Sauf que selon le propriétaire et exploitant des centrales, Engie Electrabel, la prolongation n'est plus une option. Comme répété depuis des années par Engie, l'échéance imposée par le gouvernement n'est pas tenable. En effet, l'AFCN, l'autorité belge en termes de sûreté nucléaire, exige que tous les travaux de rénovation pour une prolongation soient prêts d'ici 2025, soit avant une nouvelle période d'exploitation des réacteurs. De son côté, Engie indique qu'il faudra, au mieux, 30 mois pour finaliser les études de conception, lancer des appels d'offres et terminer les travaux d'amélioration nécessaires à une prolongation. De plus, 30 à 36 mois sont nécessaires pour commander le nouveau combustible.

La position d'Engie est claire: il est trop tard. Pourtant le gouvernement maintient la porte de la prolongation ouverte dans toutes ses communications.

"Si la prolongation de deux réacteurs reste possible techniquement, le plan de rentabilité établi par Engie devrait être totalement revu."
Une source proche du dossier

Bras de fer

Interrogé à ce sujet, le cabinet de Tinne Van der Straeten préfère garder le silence. Du côté d'Engie, on indique "être passé à autre chose". En coulisse, on comprend que ce cas de figure déboucherait sur d'intenses négociations. "Si la prolongation de deux réacteurs reste possible techniquement, le plan de rentabilité établi par Engie devrait être totalement revu", nous confie une source bien informée. Et les travaux de prolongation devraient avoir lieu, empêchant les centrales de produire pendant deux à trois ans.

En effet, prolonger coûte cher en temps et en argent. Autour de 600 millions d'euros par réacteur, nous souffle-t-on. Et cet investissement, Engie ne sera pas prêt à le faire sans garantie. Voire sans dédommagement. Et là l'État se retrouverait dans une position de faiblesse.

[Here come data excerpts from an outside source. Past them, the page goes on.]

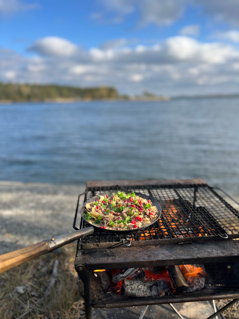 Hos Siggesta gård kan man nu boka förrätt utomhus där jag lagar Langos med toppings över eld. Regelbundet håller jag i events för vuxna och barn och nu senast hade vi en underbar sensommarvandring med sopplunch vid havet. Brödbak över eld och efterrättspaj med kokkaffe lämnade ingen hungrig. Nu är även säsong för konferenser och för de modiga så lagar jag utomhusmat tillsammans med dom, bilden är från senaste dukningen när jag lagade mat med redovisningsfirman Esencia.
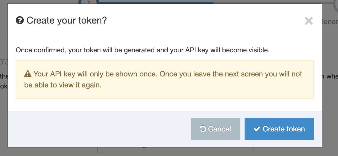 Click Next to proceed. A modal will be displayed to confirm the creation of a token:
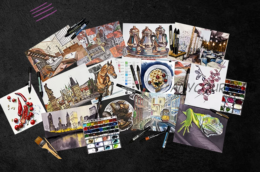 Освойте возможности акварельного скетчинга и скетчинга спиртовыми маркерами на уроках Дарьи Куцаевой и Анастасии Брагиной! Познакомьтесь с основными современными направлениями: food-скетчингом, travel-скетчингом, архитектурным, предметным и ботаническим скетчингом, анималистикой и изображением людей.
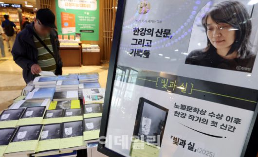 [이데일리 방인권 기자] 작가 한강이 노벨문학상을 받은 뒤 처음으로 선보인 신간 '빛과 실'이 24일 서울 종로구 교보문고 광화문점에 진열되어 있다. 이번 신간은 노벨문학상 수상 강연문 '빛과 실'(2024)을 포함해 미발표 시와 산문, 그리고 작가가 자신의 온전한 최초의 집 '북향 방'과 '정원'을 얻고 써낸 일기를 포함한 총 열두 꼭지의 글이 사진과 함께 묶였다.
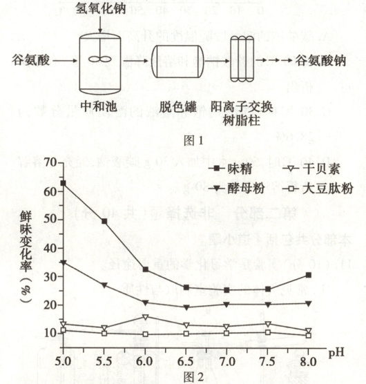 。(2)图 1 中和池中发生的反应为 $C_{5}H_{9}NO_{4} + NaOH\xlongequal{}C_{5}H_{8}NO_{4}Na + H_{2}O$,若将氢氧化钠换成碳酸钠也可以获得谷氨酸钠,则反应的化学方程式为
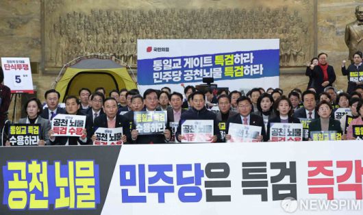 [서울=뉴스핌] 윤창빈 기자 = 장동혁 국민의힘 대표, 송언석 원내대표를 비롯한 소속 의원들이 19일 서울 여의도 국회 로텐더홀에서 통일교 게이트·더불어민주당 공천뇌물 특검 촉구 규탄대회를 열고 구호를 외치고 있다. 2026.01.19 pangbin@newspim.com
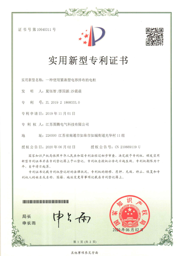 公司擁有一支由獲“國家千人計劃”項目資助者何晉偉博士領銜的高素質研發隊伍,與加拿大阿爾伯塔大學、東南大學、天津大學等海內外著名高校保持密切的合作關系,擁有一批專家級顧問和博碩研發團隊,獲得國家知識產權總局授權專利30余項。公司自主研發生產的三相不平衡治理裝置、無功補償裝置(智能低壓電容器)、有源濾波諧波治理裝置、低電壓治理裝置等產品,獲得了用戶的廣泛好評。電纜分支箱、環網柜、開關柜、柱上開關等中、高壓配電設備,銷售遍及海內外。企業先后取得“江蘇省級電力技術研發中心”、“江蘇省守合同重信用單位”、“江蘇省高技術企業”、“江蘇省民營科技企業”等榮譽。圖騰電氣愿與廣大用戶共同努力,為廣大用戶提供先進的技術和優質的服務,熱忱歡迎社會各界朋友對我司產品咨詢了解,同時恭迎您蒞臨我公司考察指導,洽談合作!
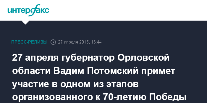 27 апреля губернатор Орловской области Вадим Потомский примет участие в одном из этапов организованного к 70-летию Победы мотопробега байкерского клуба «Ночные волки»
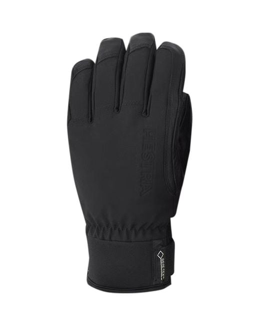 Ready for adventures in the mountains, the Hestra Alpine GORE-TEX Short Mitten is one of our favorite gloves for mild-weather snow adventures. The GORE-TEX membrane ensures our hands stay dry and moisture-free while still being able to breathe, and the goat leather palm gives us a durable and supple palm grip for dexterity. The back of the hand fabric is made of FLEXTRON 4-way stretch recycled nylon fabric for freedom of movement and weather protection, and the glove is packed with Fiberfill synthetic insulation to keep our hands from freezing. Lastly, a brushed fleece interior adds extra comfort, and the neoprene cuff and hook-and-loop closure work together to keep out the snow. Color: black
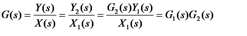 Последовательное соединение показано на рис. 1.11. Согласно определению передаточная функция есть отношение образов выхода и входа, поэтому
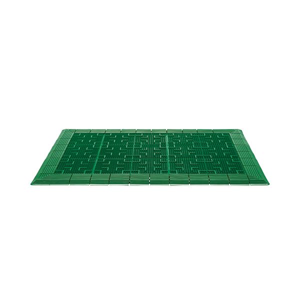 お手入れがラクな樹脂製の屋外用玄関マット「テラロイヤルマット」W900×D600mm/グリーン。鮮やかな若草色。マットは細かい網目となっていて、土砂や水がマットの下に落ちるので除塵効果が長持ちします。学校や店舗、公共施設など、さまざまなエントランスの屋外に使用できます。
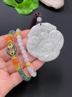 F35159107 Jadeite Bracelet + Pendant Sell as a Lot Non-A Bead Non-Gold
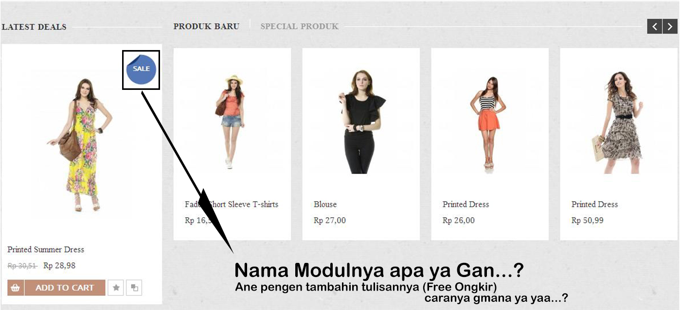 siphil Posted March 10, 2015 Share Posted March 10, 2015 Mohon Bantuannya mastah2... disini ane ingin tanya, ada 2 pertanyaan yg ingin ane tanyakan. tolong dibantu. Pertanyaanya begini : 1. Bagaimana cara memperbesar Font di Ps, dari 11px ke 14px. karena font bawaan Ps hnya 11px (kecil bgt) ngak enak dibaca...? Tolong cara menggantinya dimana...? 2. Bagaimana cara membuat tag sperti (new/sale/discond) Pada foto terlihat seperti ada tanda (new/sale/discond) Yg saya tanyakan bagaimana cara menambah tag tersebut, atau apakah ada modulnya yg bisa di download gratiss....? saya ingin menambah tag (FREE ONGKIR) Ini gambarnya jika blom faham, yg saya kotakin warna hitam... Link to comment Share on other sites More sharing options...
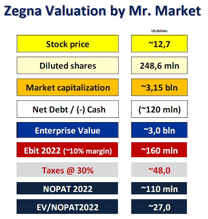 Being from Italy, Ciccio specializes in Italian companies, most of which trade on the Borsa Italiana exchange, but Zegna was particularly interesting to me because it trades on the New York Stock Exchange. It went public via a SPAC merger, which went through in December 2021. Since then, the stocks of most SPACs have cratered... but ZGN is actually up – closing yesterday at $13.59, giving it a $3.3 billion market cap.
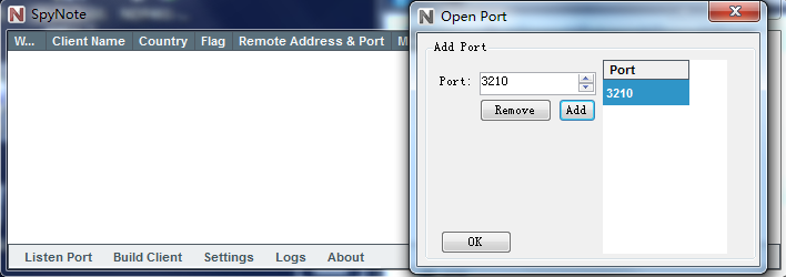 点击Listen Port,在弹出的对话框中输入端口号,并点击Add按钮,最后点击OK,成功监听本地端口。【本过程选用3210端口,实验过程大家可以自己选择端口】

"Pour accepter de prolonger, Engie devra être sûre de son retour sur investissement."
Une source proche du dossier

"Pour accepter de prolonger, Engie devra être sûre de son retour sur investissement. Et en comptant les deux à trois ans de travaux nécessaires, il faudra que la durée d'activité soit revue à la hausse. 12-13 ans, voire 20 ans pour s'assurer de la rentabilité", observe encore une source.

Position de faiblesse

Avec ces éléments en tête, il convient de se poser une question: le gouvernement peut-il forcer Engie a prolonger deux réacteurs? Comme le rappelle Laurent Jacquet, l'un des directeurs de la Creg, le régulateur des marchés de l'électricité et du gaz belge, "nous sommes dans un marché libéralisé où les entreprises ont une certaine liberté. Dès lors, contraindre Engie par une loi à prolonger ses unités me semble difficile".

"Contraindre Engie par une loi à prolonger ses unités me semble difficile."
Laurent Jacquet
Directeur à la Creg

En cas de prolongation décidée par le gouvernement, il faudrait plutôt s'attendre à d'intenses négociations. Et au vu de la situation, il y a fort à parier qu'Engie imposerait ses conditions. "Dans ce cas de figure, l'État se retrouverait dans une position de demandeur. Une position de faiblesse", appuie Laurent Jacquet. En filigrane - et même si le débat n'est pas encore à l'ordre du jour - il faut comprendre que la prolongation risque de coûter cher, très cher à l'État.

Le résumé

  • Dans sa note formatrice, le gouvernement a laissé une porte ouverte à la prolongation de deux réacteurs nucléaires.
  • Pour en décider, une évaluation de la sécurité d'approvisionnement et des niveaux de prix aura lieu en novembre prochain.
  • Pourtant, l'opérateur des centrales, Engie, indique que la prolongation n'est plus possible (parce que plus rentable).
  • S'il venait à décider d'une prolongation, le gouvernement se retrouverait dans une position de faiblesse face à Engie. Et prolonger risque de coûter très cher à l'État.